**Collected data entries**
* * *
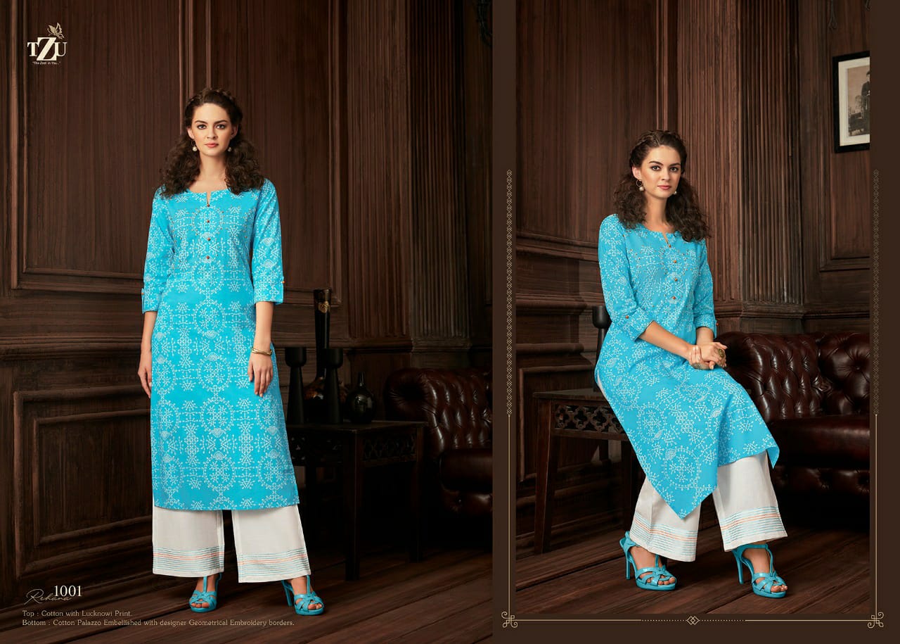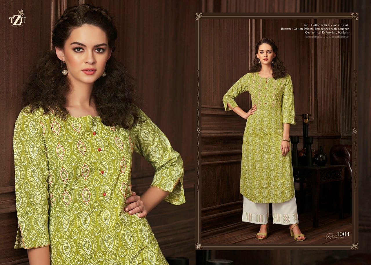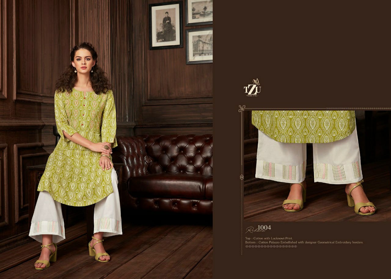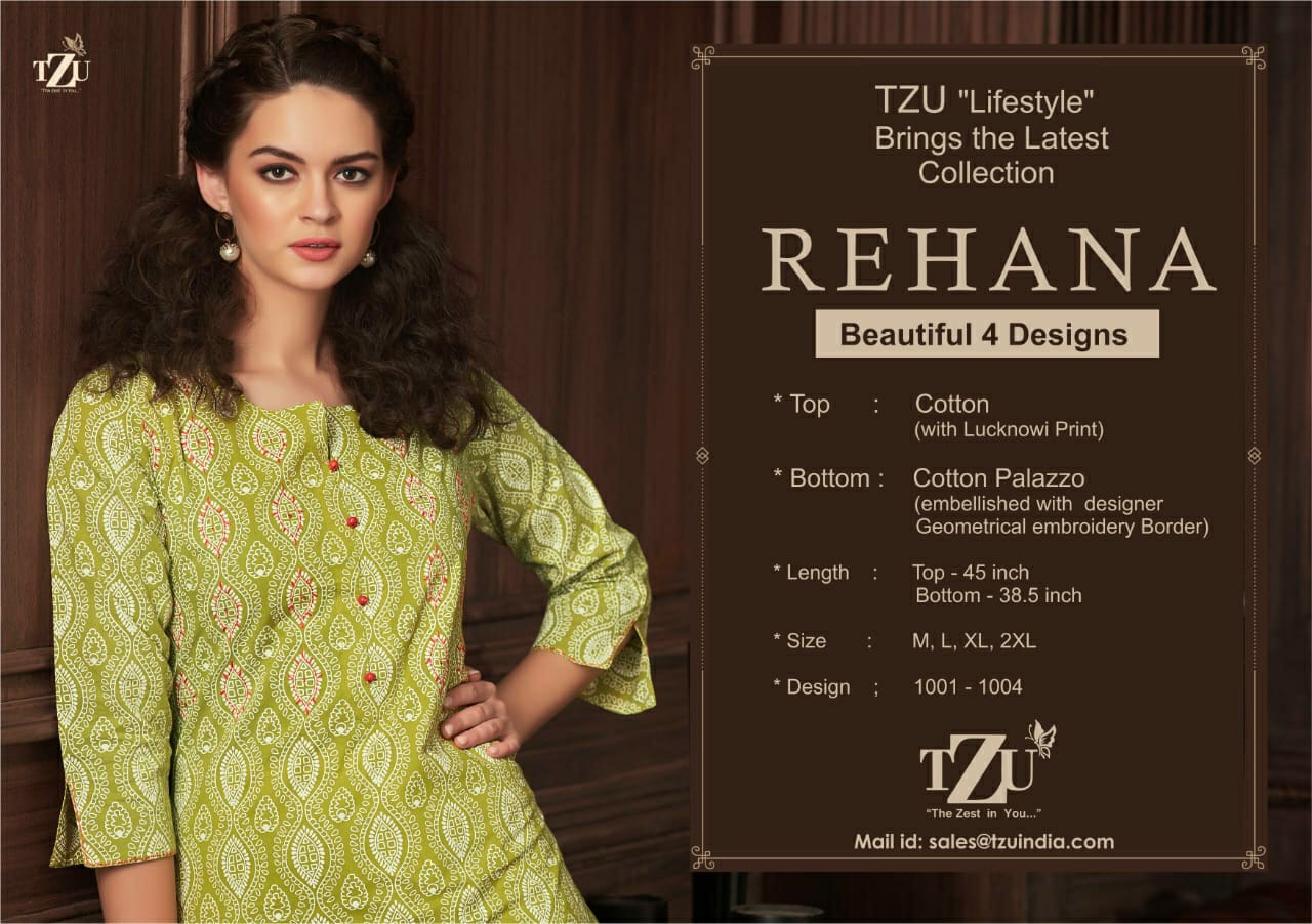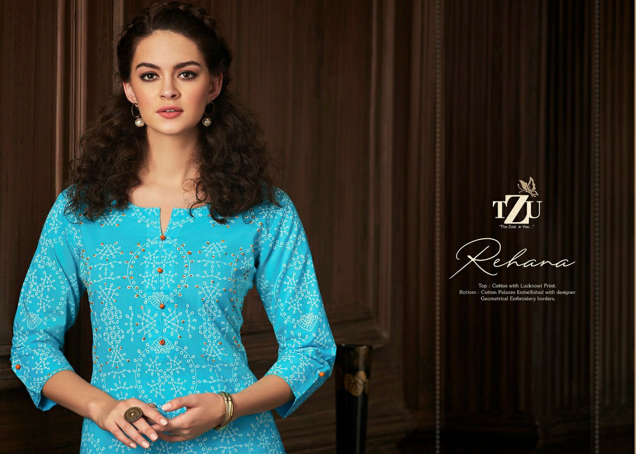 Buy Online Rehana Kurti With Plazzo By Tzu Manufacturer And Dealer From All Over India 4 Pcs of Full Catalogue at Wholesale Price. Looking for Rehana Kurti With Plazzo By Tzu Manufacturer And Dealer From All Over India Full Catalouge at Best Price? Buy Now Rehana Kurti With Plazzo By Tzu Manufacturer And Dealer From All Over India at Wholesale Rate of Rs 3168 with Total 4 Pcs from authroized dealer and supplier of Brand. Cost of Each piece is just only Rs 792 which is very low and affordable price to resale the product in your retail store ,This is Surat based Wholesale Supplier & Dealer of Brand. Click on Brand name to Know more about Brand's products.Call or Whatsapp on 9898838984 for booking or enquiry
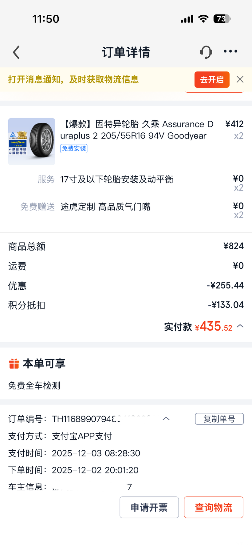 因为之前的两个前轮是三年前买的,考虑到这次爆胎的是右前轮,担心换一条新轮胎上去,前面两个轮胎的磨损程度不一样,思来想去后,决定换两条轮胎,回来后在网上下了两条轮胎,刚好赶上做活动,优惠力度还挺大的。
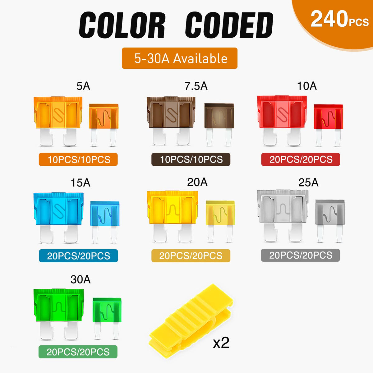 Nilight - 50018R 240Pcs Standard And Mini Blade Fuses Set,5A 7.5A 10A 15A 20A 25A 30A Atc Apr Ato Ats Standard And Atm Apm Mini
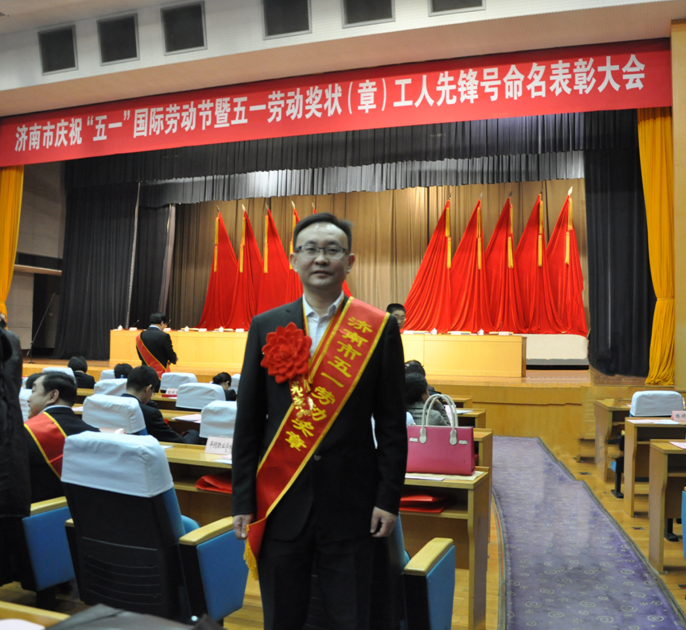 濟南市慶祝“五一”國際勞動節暨五一勞動獎狀(章)工人先鋒號命名表彰大會于2014年4月24日上午9:00在濟南舜耕國際會展中心禮堂隆重召開。濟南市委、市政府等主要領導及受表彰的先進集體代表和先進個人等500余人參加了會議。我集團公司安裝工程總公司經理葛軍獲得濟南市“五一”勞動獎章,受到大會表彰。
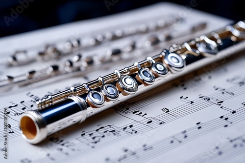Naklejka premium Flute lying on a sheet of music, its silver body gleaming under the light,...
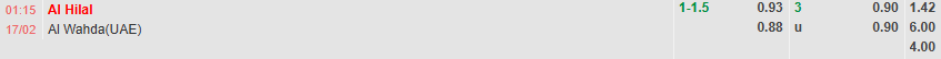 Tỷ lệ kèo AFC Champions League Al Hilal vs Al Wahda
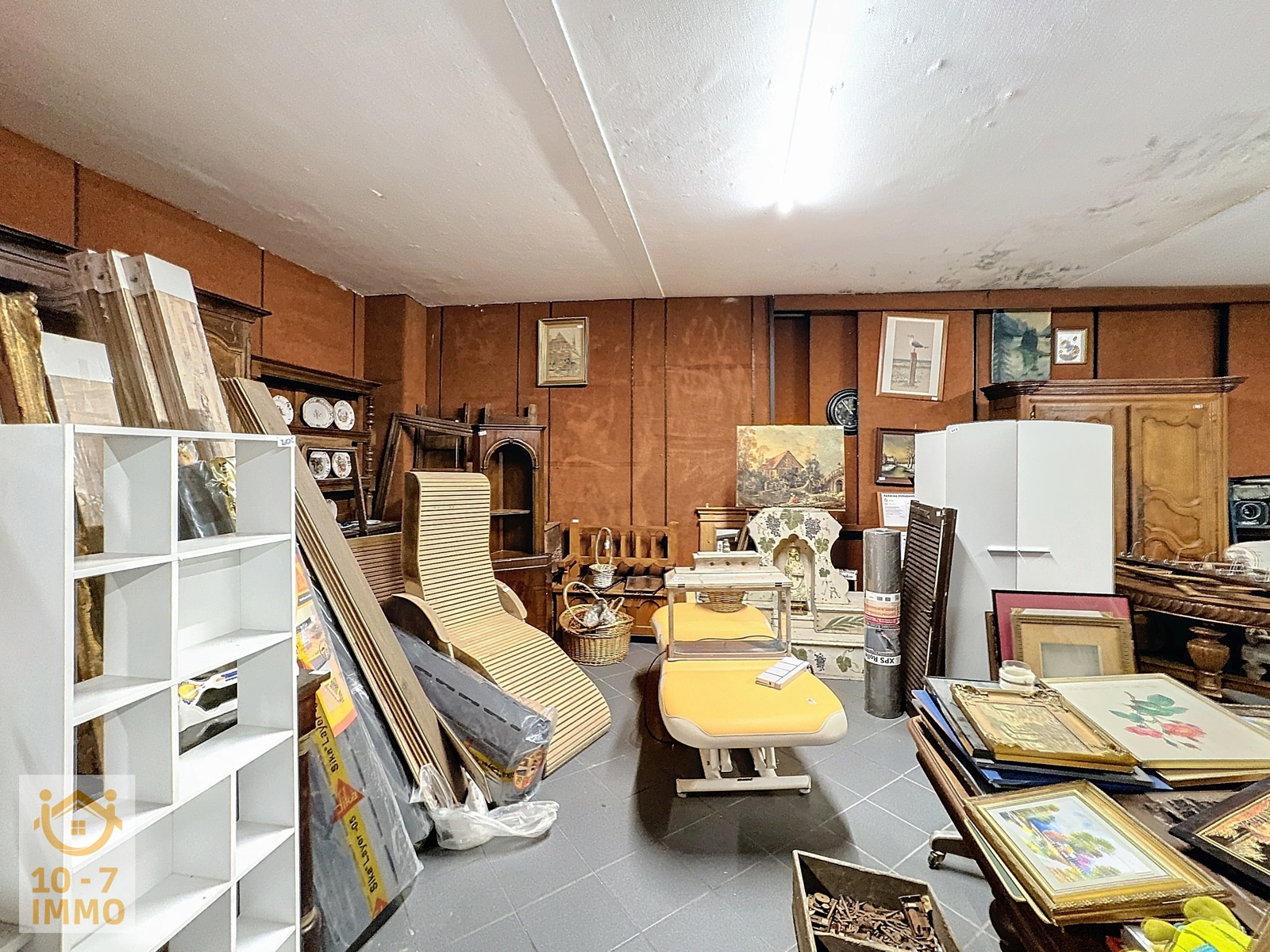 Le rez-de-chaussée, actuellement exploité en tant que local d’antiquaire, offre de nombreuses possibilités d’aménagement. Il dispose également d’une cave de plus de 100 m², idéale pour du stockage ou des aménagements complémentaires.
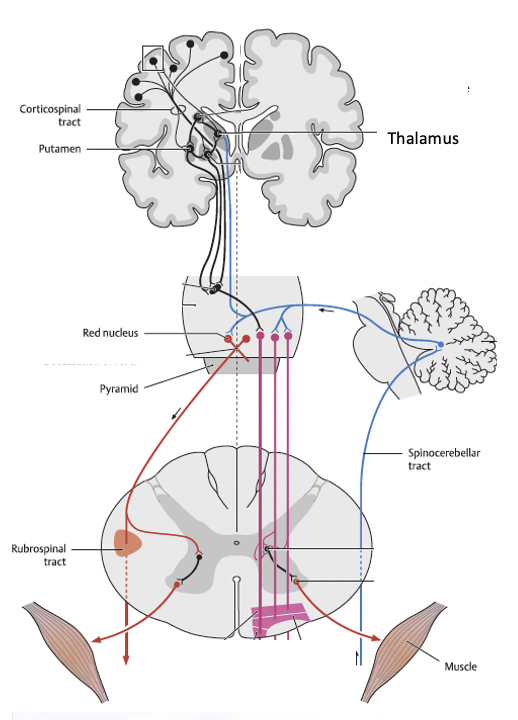 cerebellothalamic fibres (via SCP) travel to the VA / VL nuclei of the thalamus
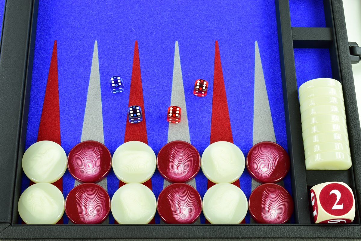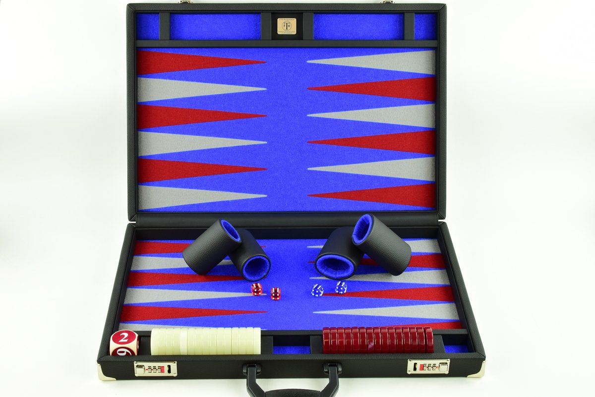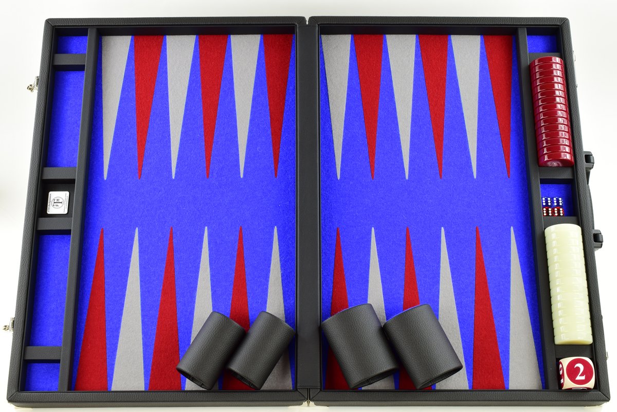 • Blue-Red-Gray Jumbo FTH Backgammon Set. Red & White 50mm Checkers
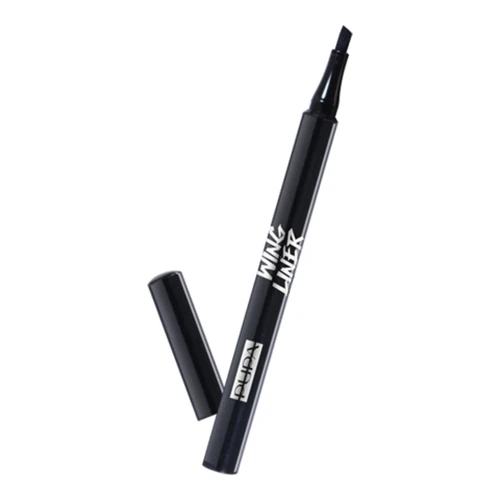 The slanted tip, with an ergonomic shape, is perfect for drawing a precise stroke along the lash line, with a perfect flick in the outer corner of the eye, in a single step.
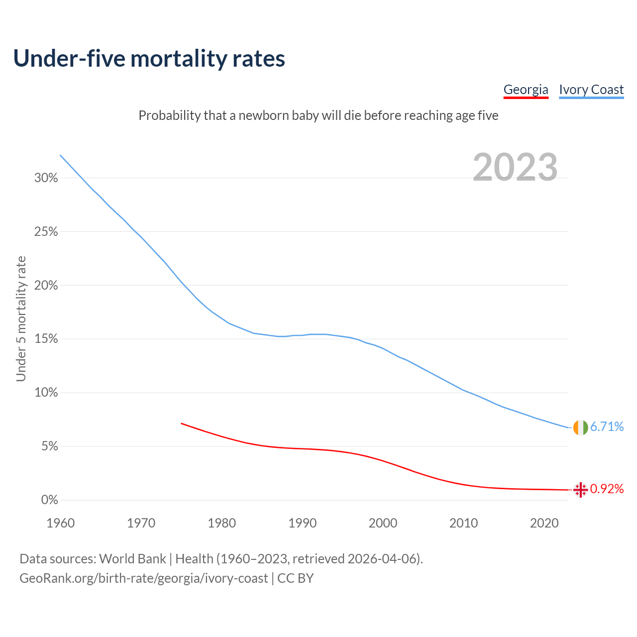 The chance that a newborn baby will die before reaching age five is 0.92% in Georgia and 6.71% in Ivory Coast. Above is a chart with historical data on under-five mortality rates.
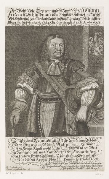 Editor: We’re looking at "Portrait of Johann Volland," an engraving dating from around 1648 to 1663, by Johann Pfann. I’m struck by how detailed the textures are, particularly in his clothing and the lace collar. It feels like the artist is trying to capture not just his likeness, but also his status and the spirit of the age. What are your initial thoughts on this portrait? Curator: This engraving offers us a glimpse into the self-assured world of the 17th century, doesn’t it? To me, Volland’s slightly world-weary eyes hint at more than the simple accumulation of worldly goods. The flowers on the table seem deliberately positioned there— perhaps he, or the artist, seeks to subtly indicate vanitas— the transient beauty of life. It is as if he might, in that split second before a modern camera clicks, actually *see* us looking at him. What kind of impression do you think his elaborate clothing and proud bearing were intended to convey? Editor: I suppose they were meant to show wealth and importance— the details of his clothing suggest careful attention and refinement, that sort of thing. I am curious as to how his profession as an apothecary affected his image. Curator: Indeed! You notice it, too, I suspect… Consider the tools of his trade subtly displayed on the table: he wishes not to be defined purely by riches, perhaps. What do you think of how light and shadow create a sense of drama and depth? Does that resonate with any other Baroque art we've seen? Editor: It's much like Rembrandt's use of chiaroscuro, where shadows emphasize certain elements to dramatize his portraits. Curator: Precisely! An excellent observation! It truly underscores how art transcends simple documentation to offer narrative and interpretation. Editor: It's amazing how much you can read into a single image. Thank you. Curator: My pleasure.
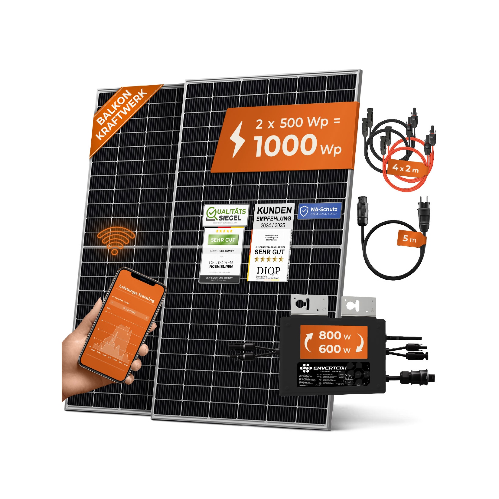 Solarway Balkonkraftwerk 1000W Solaranlage Steckerfertig WIFI Komplettset Photovoltaik Anlage 600/800W
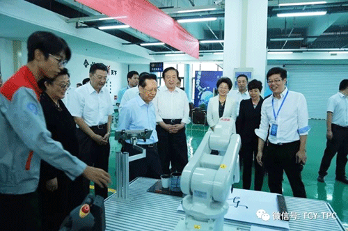 陈昌智副委员长视察唐山工业职业技术学院(机器人书法绘画)
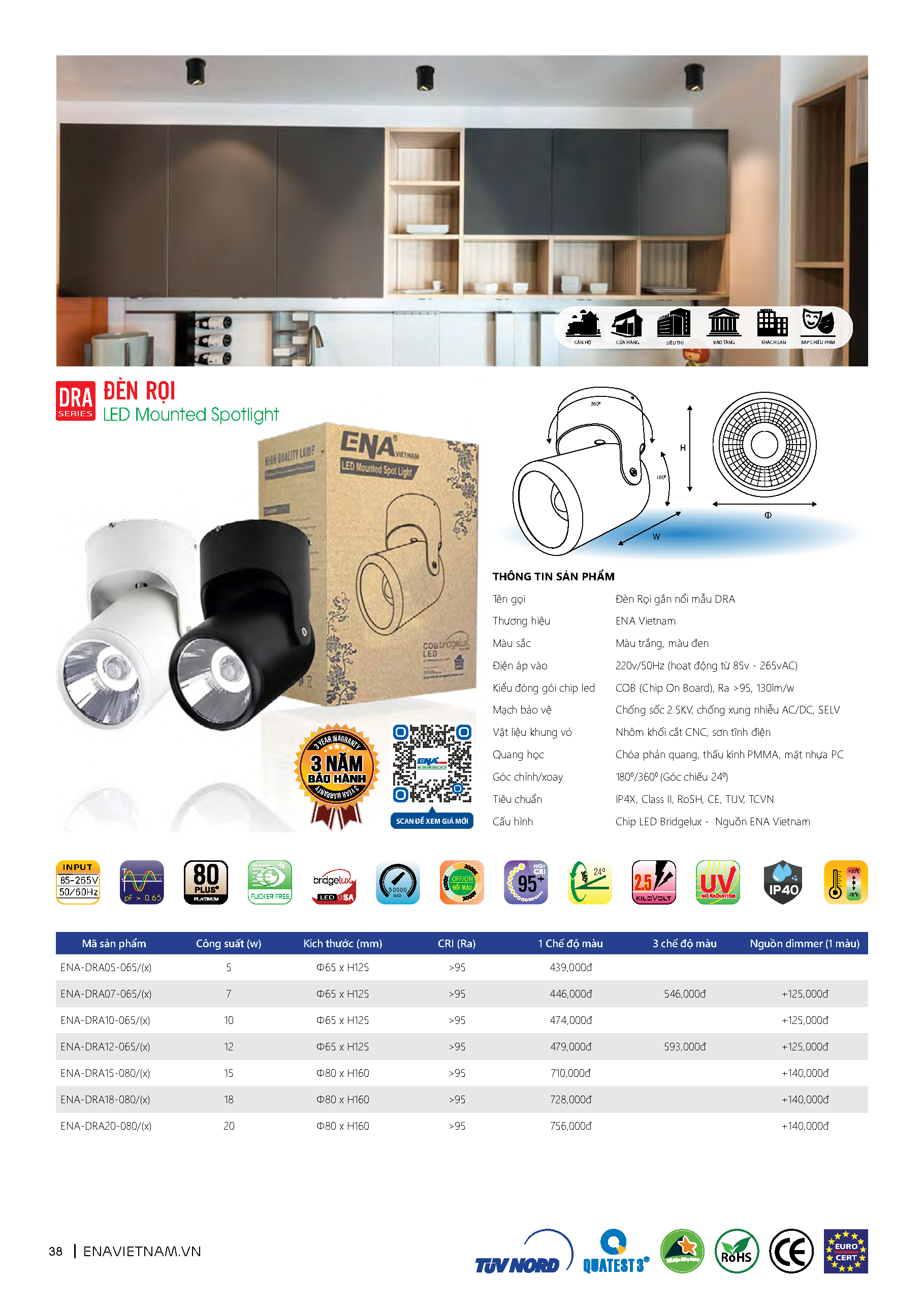 Mua tại TiktokĐèn rọi ngồi chiếu điểm ENA Vietnam bảo hành 3 năm Công suất: 5W, 7W, 10W, 12W +Kích thước: Ø65xH125mm Công suất:15W, 18W, 20W +Kích thước: Ø80xH160mm Ánh sáng: Trắng/ Trung tính/ Vàng/ 3 CHẾ ĐỘ (7W, 12W) ==> Tắt, bật công tắc đèn sẽ tự động chuyển màu theo thứ tự (Vàng/ Trắng/ Trung tính).
* * *
**WHAT TO PRODUCE**
What is wanted is an exact copy of the lines above from the one containing "Tỷ lệ kèo AFC" through the one containing "The chance that", with no pictures in it.

**YOUR SOLUTION**
 Tỷ lệ kèo AFC Champions League Al Hilal vs Al Wahda
 Le rez-de-chaussée, actuellement exploité en tant que local d’antiquaire, offre de nombreuses possibilités d’aménagement. Il dispose également d’une cave de plus de 100 m², idéale pour du stockage ou des aménagements complémentaires.
 cerebellothalamic fibres (via SCP) travel to the VA / VL nuclei of the thalamus
 • Blue-Red-Gray Jumbo FTH Backgammon Set. Red & White 50mm Checkers
 The slanted tip, with an ergonomic shape, is perfect for drawing a precise stroke along the lash line, with a perfect flick in the outer corner of the eye, in a single step.
 The chance that a newborn baby will die before reaching age five is 0.92% in Georgia and 6.71% in Ivory Coast. Above is a chart with historical data on under-five mortality rates.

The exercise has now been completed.